# What you are asked to do:
Output the entries exactly. Start at the first line, finish with the line containing "苏州地区常将葡萄纹与其他吉祥", and omit the pictures.
Source material START
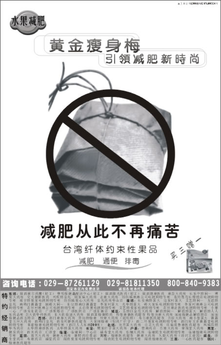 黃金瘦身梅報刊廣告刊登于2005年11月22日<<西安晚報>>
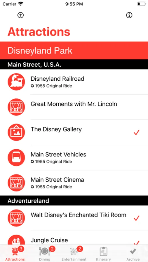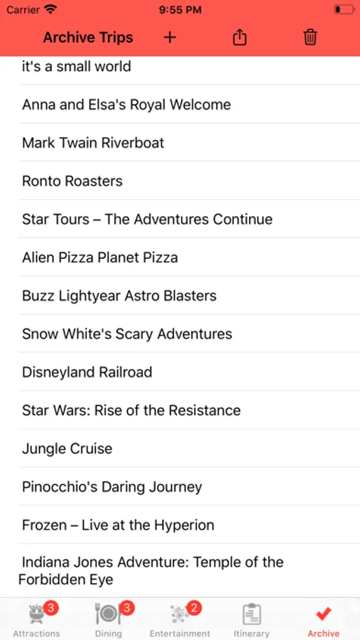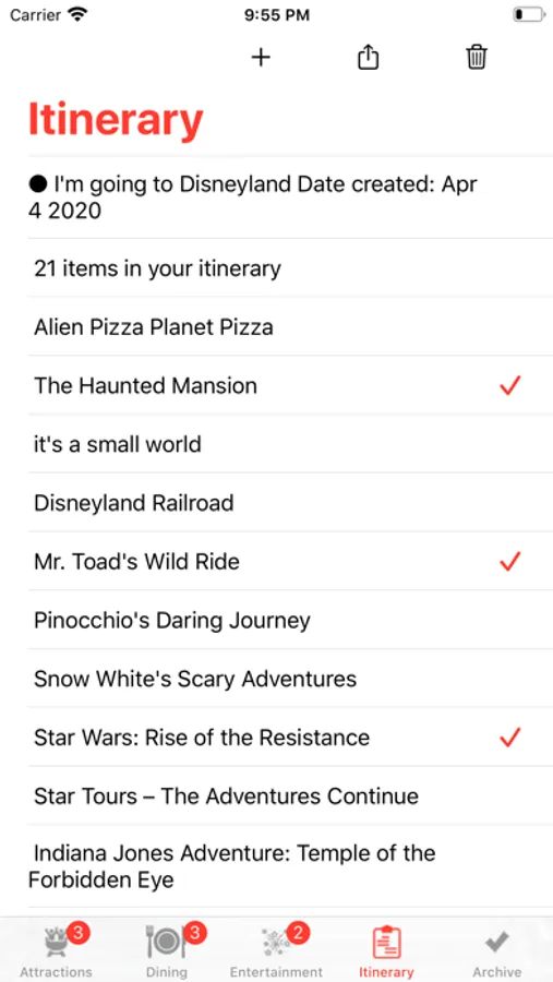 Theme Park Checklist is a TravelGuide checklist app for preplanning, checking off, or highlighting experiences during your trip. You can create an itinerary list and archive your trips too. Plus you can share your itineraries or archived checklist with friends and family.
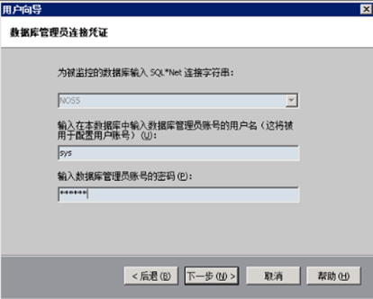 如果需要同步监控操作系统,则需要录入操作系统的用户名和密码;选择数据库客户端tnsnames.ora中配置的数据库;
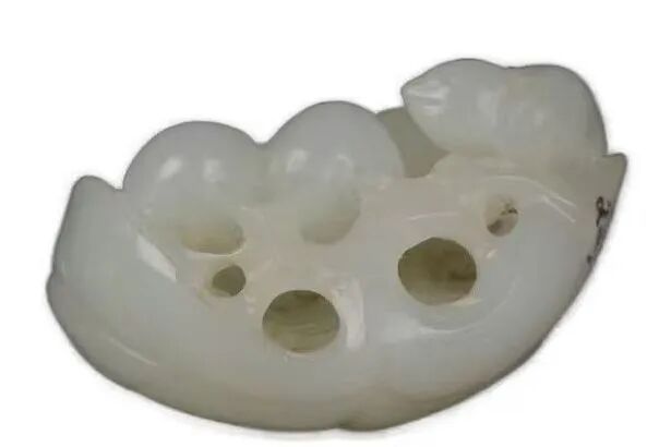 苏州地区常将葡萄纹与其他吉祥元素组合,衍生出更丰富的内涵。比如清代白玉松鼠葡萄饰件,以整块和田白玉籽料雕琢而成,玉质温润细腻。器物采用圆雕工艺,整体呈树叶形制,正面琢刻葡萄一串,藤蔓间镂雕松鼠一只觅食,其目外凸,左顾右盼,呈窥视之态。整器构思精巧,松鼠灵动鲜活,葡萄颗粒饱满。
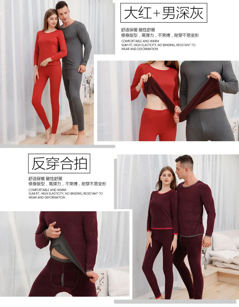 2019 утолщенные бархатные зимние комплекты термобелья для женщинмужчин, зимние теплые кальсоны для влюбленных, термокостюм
Source material END
# Answer box:
 黃金瘦身梅報刊廣告刊登于2005年11月22日<<西安晚報>>
 Theme Park Checklist is a TravelGuide checklist app for preplanning, checking off, or highlighting experiences during your trip. You can create an itinerary list and archive your trips too. Plus you can share your itineraries or archived checklist with friends and family.
 如果需要同步监控操作系统,则需要录入操作系统的用户名和密码;选择数据库客户端tnsnames.ora中配置的数据库;
 苏州地区常将葡萄纹与其他吉祥元素组合,衍生出更丰富的内涵。比如清代白玉松鼠葡萄饰件,以整块和田白玉籽料雕琢而成,玉质温润细腻。器物采用圆雕工艺,整体呈树叶形制,正面琢刻葡萄一串,藤蔓间镂雕松鼠一只觅食,其目外凸,左顾右盼,呈窥视之态。整器构思精巧,松鼠灵动鲜活,葡萄颗粒饱满。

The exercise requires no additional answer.